# [Assignment]
Look below for the line that contains "Obiettivo zoom Canon" and the line that contains "Двухцветный шевронный пол", then restate both of them and every line in between, exactly. No picture goes in the copy.

═════ Extracted data ═════

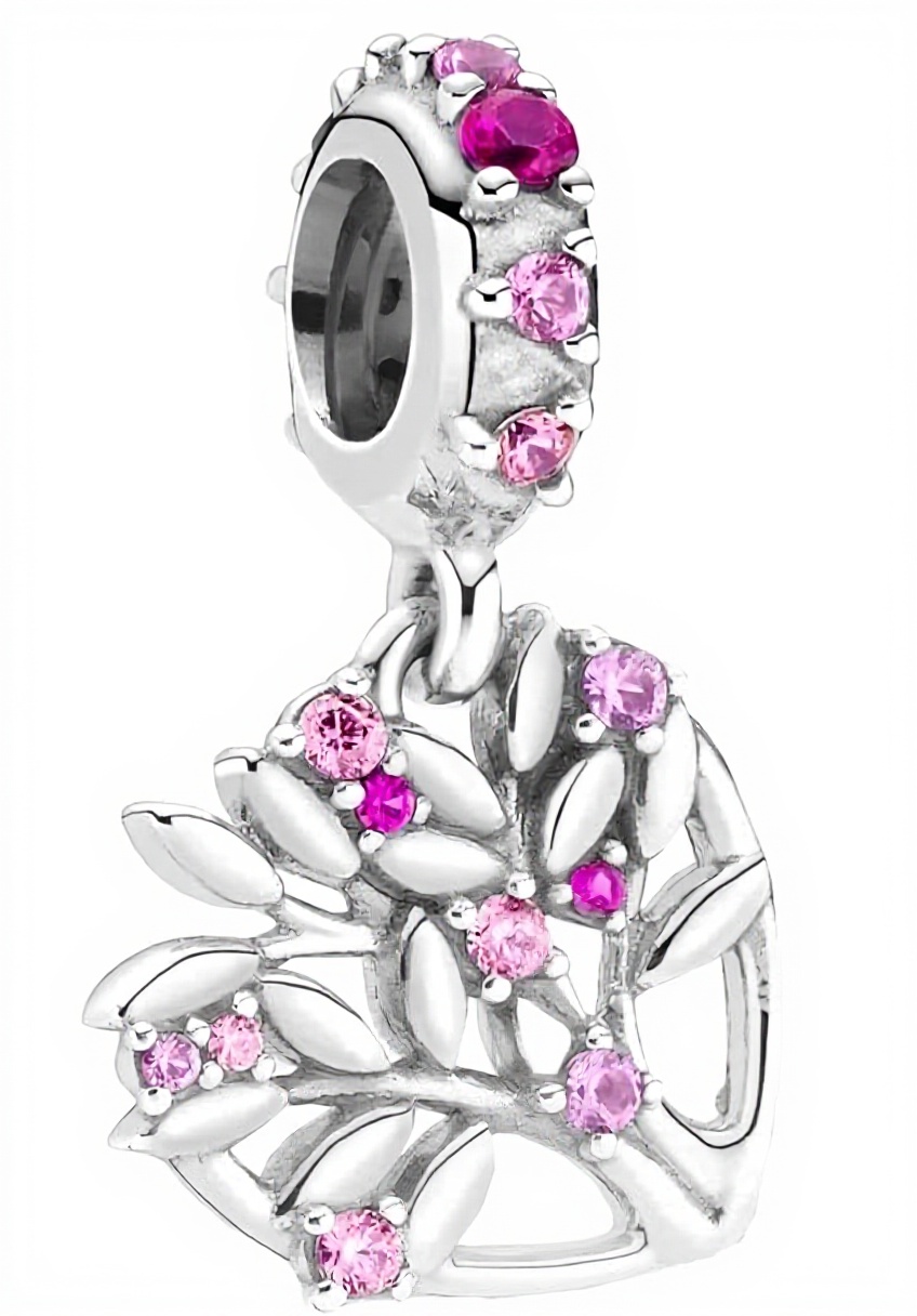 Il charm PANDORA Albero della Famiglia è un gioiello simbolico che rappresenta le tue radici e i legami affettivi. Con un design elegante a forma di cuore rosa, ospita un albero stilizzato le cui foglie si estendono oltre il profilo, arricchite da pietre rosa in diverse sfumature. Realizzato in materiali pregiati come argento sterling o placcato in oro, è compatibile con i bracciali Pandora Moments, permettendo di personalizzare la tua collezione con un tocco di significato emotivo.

═════
═════ Extracted data ═════

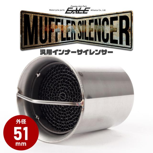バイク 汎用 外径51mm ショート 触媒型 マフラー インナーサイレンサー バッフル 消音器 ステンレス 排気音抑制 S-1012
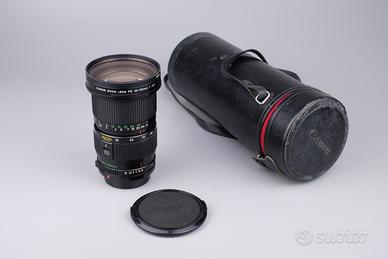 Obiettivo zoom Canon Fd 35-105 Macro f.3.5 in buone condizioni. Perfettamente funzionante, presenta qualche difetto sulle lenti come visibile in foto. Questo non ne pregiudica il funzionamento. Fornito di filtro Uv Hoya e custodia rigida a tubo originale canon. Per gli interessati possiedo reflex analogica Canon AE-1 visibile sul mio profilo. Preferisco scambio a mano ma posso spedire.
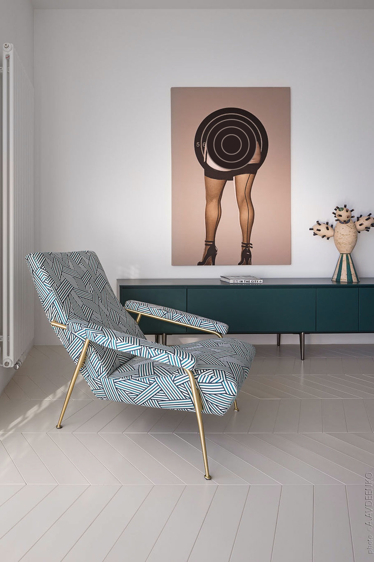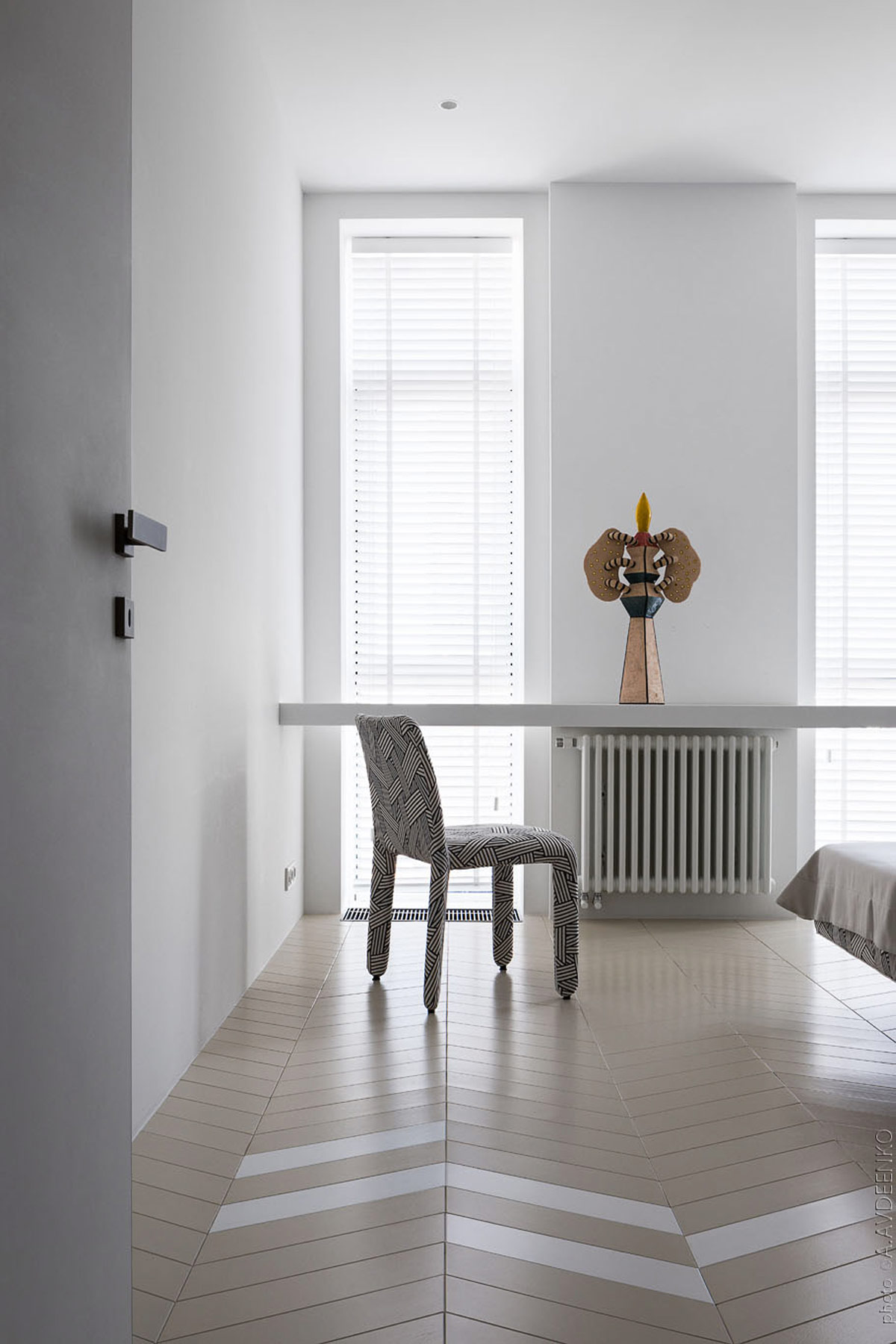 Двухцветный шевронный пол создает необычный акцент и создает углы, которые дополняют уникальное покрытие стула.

═════
═════ Extracted data ═════

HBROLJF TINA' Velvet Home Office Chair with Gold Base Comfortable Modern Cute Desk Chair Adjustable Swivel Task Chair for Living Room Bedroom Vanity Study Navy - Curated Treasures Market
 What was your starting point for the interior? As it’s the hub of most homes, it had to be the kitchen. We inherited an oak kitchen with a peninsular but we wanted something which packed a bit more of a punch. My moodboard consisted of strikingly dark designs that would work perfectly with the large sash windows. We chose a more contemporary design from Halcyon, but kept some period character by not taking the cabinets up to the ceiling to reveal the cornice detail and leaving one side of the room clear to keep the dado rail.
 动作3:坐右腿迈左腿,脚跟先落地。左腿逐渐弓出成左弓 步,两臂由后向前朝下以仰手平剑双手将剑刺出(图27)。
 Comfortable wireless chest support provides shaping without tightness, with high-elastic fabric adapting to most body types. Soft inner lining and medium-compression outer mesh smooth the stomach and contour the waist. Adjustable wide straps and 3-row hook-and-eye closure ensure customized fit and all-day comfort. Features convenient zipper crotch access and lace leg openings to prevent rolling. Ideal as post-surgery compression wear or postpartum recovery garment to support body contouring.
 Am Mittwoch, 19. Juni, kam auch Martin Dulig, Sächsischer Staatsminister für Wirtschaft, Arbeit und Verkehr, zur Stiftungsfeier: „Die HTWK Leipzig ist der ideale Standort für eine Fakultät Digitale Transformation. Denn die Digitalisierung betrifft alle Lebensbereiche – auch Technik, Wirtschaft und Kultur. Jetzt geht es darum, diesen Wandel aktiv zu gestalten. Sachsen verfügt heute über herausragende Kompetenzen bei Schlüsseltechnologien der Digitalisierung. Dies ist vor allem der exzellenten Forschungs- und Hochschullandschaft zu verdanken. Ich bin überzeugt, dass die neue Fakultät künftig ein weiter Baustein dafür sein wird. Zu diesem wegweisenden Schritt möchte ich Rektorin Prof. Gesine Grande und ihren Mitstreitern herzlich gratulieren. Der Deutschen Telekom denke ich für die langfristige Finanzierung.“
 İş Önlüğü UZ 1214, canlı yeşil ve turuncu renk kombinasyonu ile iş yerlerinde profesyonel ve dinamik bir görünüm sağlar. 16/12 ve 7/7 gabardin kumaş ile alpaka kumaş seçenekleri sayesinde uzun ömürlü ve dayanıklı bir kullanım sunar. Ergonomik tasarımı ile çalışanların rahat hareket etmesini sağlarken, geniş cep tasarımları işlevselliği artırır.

═════

# [Exercise solution]
 Obiettivo zoom Canon Fd 35-105 Macro f.3.5 in buone condizioni. Perfettamente funzionante, presenta qualche difetto sulle lenti come visibile in foto. Questo non ne pregiudica il funzionamento. Fornito di filtro Uv Hoya e custodia rigida a tubo originale canon. Per gli interessati possiedo reflex analogica Canon AE-1 visibile sul mio profilo. Preferisco scambio a mano ma posso spedire.
 Двухцветный шевронный пол создает необычный акцент и создает углы, которые дополняют уникальное покрытие стула.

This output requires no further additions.